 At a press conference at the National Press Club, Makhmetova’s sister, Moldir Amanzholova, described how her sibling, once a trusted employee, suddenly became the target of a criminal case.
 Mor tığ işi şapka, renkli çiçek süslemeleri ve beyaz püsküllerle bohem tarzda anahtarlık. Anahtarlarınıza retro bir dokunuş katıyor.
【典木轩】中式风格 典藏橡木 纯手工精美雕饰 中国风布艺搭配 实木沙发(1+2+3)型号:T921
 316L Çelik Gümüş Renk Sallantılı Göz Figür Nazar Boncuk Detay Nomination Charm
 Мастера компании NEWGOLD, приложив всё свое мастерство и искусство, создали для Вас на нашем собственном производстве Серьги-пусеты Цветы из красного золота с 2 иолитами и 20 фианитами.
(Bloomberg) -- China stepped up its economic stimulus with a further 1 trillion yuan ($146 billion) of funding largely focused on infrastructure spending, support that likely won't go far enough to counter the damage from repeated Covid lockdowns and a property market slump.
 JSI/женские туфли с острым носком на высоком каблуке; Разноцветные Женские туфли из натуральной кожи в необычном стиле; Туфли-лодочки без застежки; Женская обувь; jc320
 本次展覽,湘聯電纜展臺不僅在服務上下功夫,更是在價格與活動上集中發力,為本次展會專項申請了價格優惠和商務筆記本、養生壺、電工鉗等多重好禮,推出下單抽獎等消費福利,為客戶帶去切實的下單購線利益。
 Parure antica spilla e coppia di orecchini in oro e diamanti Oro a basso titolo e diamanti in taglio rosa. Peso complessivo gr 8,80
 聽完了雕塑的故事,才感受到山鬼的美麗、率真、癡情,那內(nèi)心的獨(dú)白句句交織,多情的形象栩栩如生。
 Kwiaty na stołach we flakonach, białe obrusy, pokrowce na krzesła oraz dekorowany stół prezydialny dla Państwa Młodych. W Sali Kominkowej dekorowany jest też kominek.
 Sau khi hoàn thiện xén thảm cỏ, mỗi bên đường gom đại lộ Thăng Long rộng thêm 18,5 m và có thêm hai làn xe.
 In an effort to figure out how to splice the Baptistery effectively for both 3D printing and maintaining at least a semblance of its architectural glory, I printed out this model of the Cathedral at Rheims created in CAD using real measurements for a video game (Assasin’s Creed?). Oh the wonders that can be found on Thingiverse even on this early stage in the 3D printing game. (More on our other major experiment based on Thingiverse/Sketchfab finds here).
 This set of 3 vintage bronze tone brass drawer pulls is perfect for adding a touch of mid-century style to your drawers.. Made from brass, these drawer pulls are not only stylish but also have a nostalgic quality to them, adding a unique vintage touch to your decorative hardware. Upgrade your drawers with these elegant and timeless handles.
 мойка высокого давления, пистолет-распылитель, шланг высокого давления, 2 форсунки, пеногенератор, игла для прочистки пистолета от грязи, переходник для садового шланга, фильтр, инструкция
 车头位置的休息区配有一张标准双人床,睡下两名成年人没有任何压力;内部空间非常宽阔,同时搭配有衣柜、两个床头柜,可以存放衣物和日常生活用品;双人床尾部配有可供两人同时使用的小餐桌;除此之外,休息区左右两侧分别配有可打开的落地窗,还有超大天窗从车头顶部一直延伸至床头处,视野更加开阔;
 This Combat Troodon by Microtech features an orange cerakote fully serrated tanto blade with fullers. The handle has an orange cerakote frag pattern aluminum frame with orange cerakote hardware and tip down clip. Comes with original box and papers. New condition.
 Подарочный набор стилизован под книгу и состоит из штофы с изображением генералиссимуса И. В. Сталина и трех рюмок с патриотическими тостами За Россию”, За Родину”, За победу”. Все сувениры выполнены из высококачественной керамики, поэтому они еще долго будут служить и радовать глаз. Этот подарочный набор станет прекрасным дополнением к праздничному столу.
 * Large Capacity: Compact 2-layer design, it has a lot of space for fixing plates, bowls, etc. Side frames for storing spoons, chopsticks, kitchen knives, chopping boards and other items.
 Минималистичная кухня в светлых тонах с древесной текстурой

● Your goal: Print the listing in full, exactly as given.

● Task result:
 At a press conference at the National Press Club, Makhmetova’s sister, Moldir Amanzholova, described how her sibling, once a trusted employee, suddenly became the target of a criminal case.
 Mor tığ işi şapka, renkli çiçek süslemeleri ve beyaz püsküllerle bohem tarzda anahtarlık. Anahtarlarınıza retro bir dokunuş katıyor.
【典木轩】中式风格 典藏橡木 纯手工精美雕饰 中国风布艺搭配 实木沙发(1+2+3)型号:T921
 316L Çelik Gümüş Renk Sallantılı Göz Figür Nazar Boncuk Detay Nomination Charm
 Мастера компании NEWGOLD, приложив всё свое мастерство и искусство, создали для Вас на нашем собственном производстве Серьги-пусеты Цветы из красного золота с 2 иолитами и 20 фианитами.
(Bloomberg) -- China stepped up its economic stimulus with a further 1 trillion yuan ($146 billion) of funding largely focused on infrastructure spending, support that likely won't go far enough to counter the damage from repeated Covid lockdowns and a property market slump.
 JSI/женские туфли с острым носком на высоком каблуке; Разноцветные Женские туфли из натуральной кожи в необычном стиле; Туфли-лодочки без застежки; Женская обувь; jc320
 本次展覽,湘聯電纜展臺不僅在服務上下功夫,更是在價格與活動上集中發力,為本次展會專項申請了價格優惠和商務筆記本、養生壺、電工鉗等多重好禮,推出下單抽獎等消費福利,為客戶帶去切實的下單購線利益。
 Parure antica spilla e coppia di orecchini in oro e diamanti Oro a basso titolo e diamanti in taglio rosa. Peso complessivo gr 8,80
 聽完了雕塑的故事,才感受到山鬼的美麗、率真、癡情,那內(nèi)心的獨(dú)白句句交織,多情的形象栩栩如生。
 Kwiaty na stołach we flakonach, białe obrusy, pokrowce na krzesła oraz dekorowany stół prezydialny dla Państwa Młodych. W Sali Kominkowej dekorowany jest też kominek.
 Sau khi hoàn thiện xén thảm cỏ, mỗi bên đường gom đại lộ Thăng Long rộng thêm 18,5 m và có thêm hai làn xe.
 In an effort to figure out how to splice the Baptistery effectively for both 3D printing and maintaining at least a semblance of its architectural glory, I printed out this model of the Cathedral at Rheims created in CAD using real measurements for a video game (Assasin’s Creed?). Oh the wonders that can be found on Thingiverse even on this early stage in the 3D printing game. (More on our other major experiment based on Thingiverse/Sketchfab finds here).
 This set of 3 vintage bronze tone brass drawer pulls is perfect for adding a touch of mid-century style to your drawers.. Made from brass, these drawer pulls are not only stylish but also have a nostalgic quality to them, adding a unique vintage touch to your decorative hardware. Upgrade your drawers with these elegant and timeless handles.
 мойка высокого давления, пистолет-распылитель, шланг высокого давления, 2 форсунки, пеногенератор, игла для прочистки пистолета от грязи, переходник для садового шланга, фильтр, инструкция
 车头位置的休息区配有一张标准双人床,睡下两名成年人没有任何压力;内部空间非常宽阔,同时搭配有衣柜、两个床头柜,可以存放衣物和日常生活用品;双人床尾部配有可供两人同时使用的小餐桌;除此之外,休息区左右两侧分别配有可打开的落地窗,还有超大天窗从车头顶部一直延伸至床头处,视野更加开阔;
 This Combat Troodon by Microtech features an orange cerakote fully serrated tanto blade with fullers. The handle has an orange cerakote frag pattern aluminum frame with orange cerakote hardware and tip down clip. Comes with original box and papers. New condition.
 Подарочный набор стилизован под книгу и состоит из штофы с изображением генералиссимуса И. В. Сталина и трех рюмок с патриотическими тостами За Россию”, За Родину”, За победу”. Все сувениры выполнены из высококачественной керамики, поэтому они еще долго будут служить и радовать глаз. Этот подарочный набор станет прекрасным дополнением к праздничному столу.
 * Large Capacity: Compact 2-layer design, it has a lot of space for fixing plates, bowls, etc. Side frames for storing spoons, chopsticks, kitchen knives, chopping boards and other items.
 Минималистичная кухня в светлых тонах с древесной текстурой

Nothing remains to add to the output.